- Battle of Hefei: Part of the wars of the Three Kingdoms period
| Date | c.November 231 |
| Location | Hefei, Anhui, China |
| Result | Cao Wei's strategical victory; Eastern Wu retreated |

Belligerents
- Cao Wei: Eastern Wu

Commanders and leaders
- Man Chong Wang Ling: Sun Quan Sun Bu

Casualties and losses
- Few: Unknown

= Battle of Hefei (231) =

Battle between Eastern Wu and Cao Wei in 231

The Battle of Hefei was fought between the states of Cao Wei and Eastern Wu in 231 during the Three Kingdoms period.

==Background==
In 230, the state of Wei constructed a new fortress at Hefei as a defence against the rival state of Wu.
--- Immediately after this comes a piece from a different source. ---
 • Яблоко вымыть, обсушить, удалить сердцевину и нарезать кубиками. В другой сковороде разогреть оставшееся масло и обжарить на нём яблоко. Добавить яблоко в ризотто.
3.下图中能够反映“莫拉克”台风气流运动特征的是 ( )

The fortress was referred to as "Xincheng" (新城; literally: "new city/fortress").

==The battle==
In the winter of 230, the Wu emperor Sun Quan led an army to attack Xincheng. Man Chong wrote to the Wei emperor Cao Rui seeking soldiers from Yan and Yu provinces to help defend Xincheng. Shortly after the troops arrived, Sun Quan retreated without attacking Xincheng. Man Chong warned that this was their plan all along and that as soon as the troops were dispersed, Sun Quan would attack again. After about ten days, Sun Quan returned to besiege Xincheng but Man Chong was fully prepared and easily repelled the assault.
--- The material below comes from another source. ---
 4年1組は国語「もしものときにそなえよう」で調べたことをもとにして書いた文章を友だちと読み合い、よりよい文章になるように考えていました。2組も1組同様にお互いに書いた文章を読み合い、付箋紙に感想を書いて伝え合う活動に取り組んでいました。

Later, Sun Quan realised that he could not take Xincheng by force, so he decided that since he had so much success with Zhou Fang's false defection at the Battle of Shiting, he would try that approach again. Sun Quan ordered his relative Sun Bu to pretend to defect to Wei in order to lure the Wei-appointed Governor of Yang Province, Wang Ling, into a trap. Sun Quan set soldiers in ambush at Fuling.
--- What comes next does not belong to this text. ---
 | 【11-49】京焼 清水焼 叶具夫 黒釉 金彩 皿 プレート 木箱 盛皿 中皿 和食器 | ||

Sun Bu asked Wang Ling to send soldiers to take him to Wei. Wang Ling, in turn, requested permission from his superiors to do so. One of those superiors was Man Chong, who did not believe that Sun Bu's defection was genuine. Man Chong sent a letter (on behalf of Wang Ling) to Sun Bu saying that he was very pleased to hear that Sun Bu wanted to defect. However, he explained that he feared that if he sent too few troops, Sun Bu would not be protected and if he sent too many it would attract undue attention. Finally, in his letter he urged Sun Bu to think of some way to flee from Sun Quan quietly. Meanwhile, Cao Rui summoned Man Chong to meet him. Before leaving to meet the Wei emperor, Man Chong ordered his chief clerk not to give Wang Ling soldiers with which to receive Sun Bu. Wang Ling could not obtain a large number of troops and so sent only a very small force to escort Sun Bu. This small force was ambushed at Fuling and defeated. However, due to Man Chong's foresight, the loss was negligible and Sun Quan's strategy to eliminate the Wei forces based in Hefei failed.

== Aftermath ==
Man Chong was summoned to the Wei imperial court. This was due to a memorial issued by Wang Ling, who evidently did not get along well with his superior. Wang Ling accused Man Chong of being too old and too fond of wine to be such an important administrator. Cao Rui summoned Man Chong so that he could judge for himself. When he met Man Chong, Cao Rui determined that he was perfectly fit for his work and thus allowed Man Chong to resume his duties at Xincheng.